A family is picnicking near the river, when they hear a cry from someone struggling to stay afloat in the water. A family member dives in and saves the person from drowning. The scenario plays out again and again until the family is exhausted and decides to go upstream to see what is causing so many people to be in the water, fighting for their lives.

That is Oklahoma's health care conundrum - too many people are struggling with poor health and lack of care that it's hard to go farther up the river to see what's causing the problems. But fixing the problem requires a focus on both.
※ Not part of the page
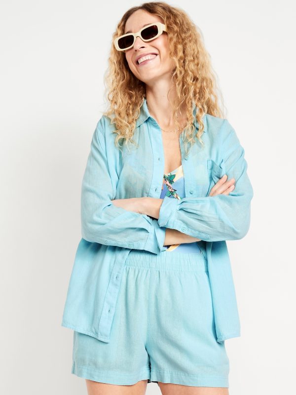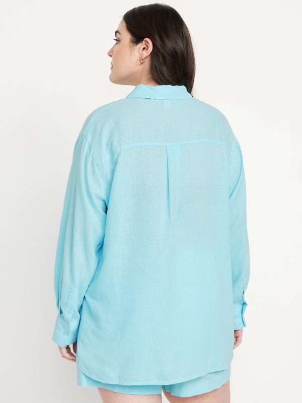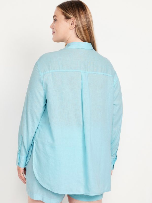 Linen-Blend Loose Button-Down Shirt: spread collar, long sleeves, buttoned cuffs, patch chest pocket, full-button front, striped print, curved hi-lo hem, #693623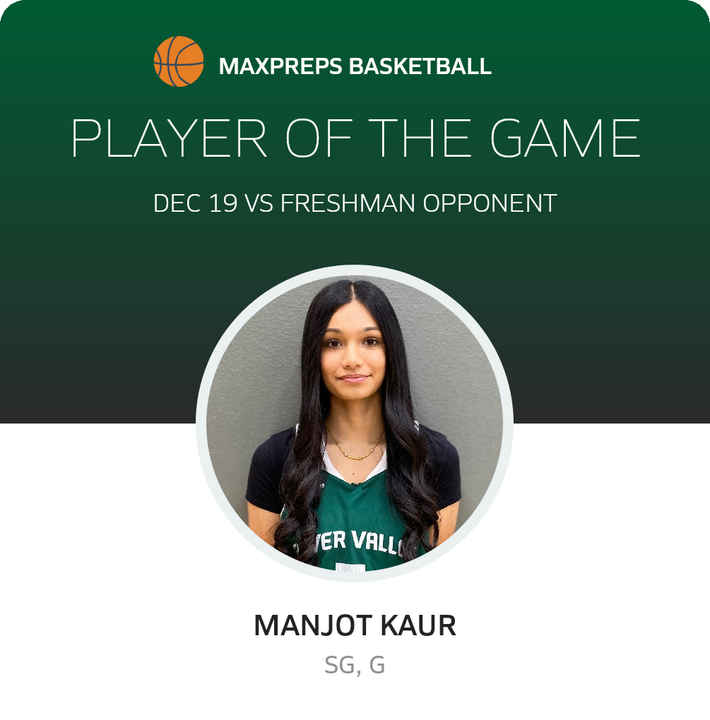 Congratulations to #5 Manjot Kaur for being selected the River Valley Girls Freshman Basketball Player of the Game.

"We have to address this as a comprehensive health care system," said Dr. Terry Cline, commissioner of the Oklahoma State Department of Health. "We can't neglect one part of the system to tend to the other part. You neglect any one part of the system, and you will fail. And right now, I can tell you, that Oklahoma is failing as a state."

Cline joined Mike Fogarty, CEO of the Oklahoma Health Care Authority, and Terri White, Oklahoma secretary of health and commissioner of the Oklahoma Department of Mental Health and Substance Abuse Services, to launch the two-day strategic planning. In addition to addressing Oklahoma's bleak health care statistics and their financial burden, they tackled a looming concern: how to create a better health care system in Oklahoma in the context of health care reform and the federal money that will be available to do it.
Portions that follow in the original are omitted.